Location and Landuse
MLRA 137 is composed of land in a relatively narrow strip extending east northeast from the western boundary of Georgia across the entire state of Georgia, across the entire state of South Carolina, and about halfway across North Carolina (view of regional map). This strip of land separates MLRA 136, the Southern Piedmont, to the west, from MLRA 133A, the Southern Coastal Plains, to the east. Soils from both the Piedmont and Coastal Plain are found in MLRA 137. Much of the general information to follow was extracted from USDA (1981).

MLRA 137 occupies an area of 22,680,000 ha (55,606,400 acres). The strip of land is about 650 km (404 miles) long and varies in width from 6 to 80 km (4 to 50 miles), but is mostly less than 40 km wide. Natural vegetation is/was pine-oak with long leaf pine being the dominant species. Currently most of the land is under forest cover (Table 1) with pine and scrub oak being dominant. Pulpwood and lumber are the primary forest products. Turkey, blackjack, bluejack, and sand live oaks are also present. Various grasses and forbs provide ground cover in the forested and pasture areas.

In 1981, about 15% of the area was cropland, primarily corn and cotton, and about 5% was pasture. About one-sixth of the area is owned and used by the federal government for military posts such as Fort Bragg Military Reservation in North Carolina. Only a small percentage of the land is used for urban development and other purposes, although several very high quality, world famous golf courses have been developed. Some orchards and small commercial fruit and vegetable farms are scattered throughout the area.

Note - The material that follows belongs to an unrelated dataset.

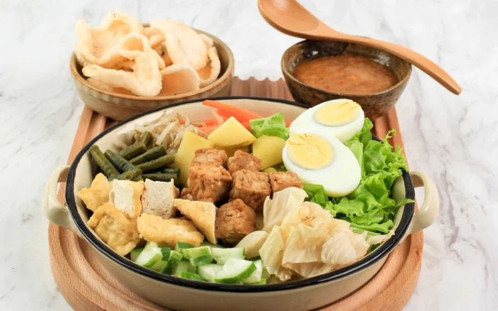 Each plate of Gado-Gado typically includes a variety of vegetables such as water spinach, carrots, cabbage, and tofu, which are chopped or prepared according to personal preference. These ingredients are arranged on a plate and often paired with tempeh, a soybean-based cake.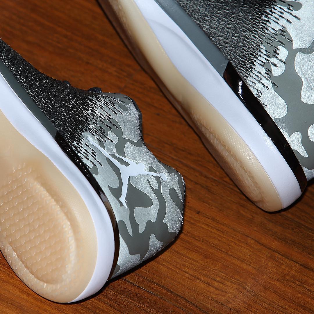 此次 “Camo” 最大的特点在于迷彩纹路都使用 3M 反光材质装扮,赋予了球鞋另类的光泽。此款 Air jordan 31 Low 采用橄榄绿编织鞋身搭配浅色生胶大底,以覆盖 3M 反光迷彩的皮质后跟收尾,整体营造出的军事气息十分浓郁,同时这样的配色更加适合球场实战。

This region has an udic moisture regime with average annual precipitation ranging from 1150 to 1275 mm. Maximum precipitation occurs in the summer and the minimum is in winter. A thermic temperature regime exists and the average annual air temperature is 17 to 18°C. The average frost-free period ranges from 220 to 240 days.

Elevation in MLRA 137 ranges from 50 to 200 m above sea level. The area is dissected with rolling to hilly uplands. Local relief is only a few meters, but some hills are 25 to 50 m above adjacent areas.

Precipitation, perennial streams, and ground water are plentiful, however, low water holding capacity and rapid permeability of the soils severely limit plant growth unless irrigation water is used. The rolling topography gives rise to many seeps and springs.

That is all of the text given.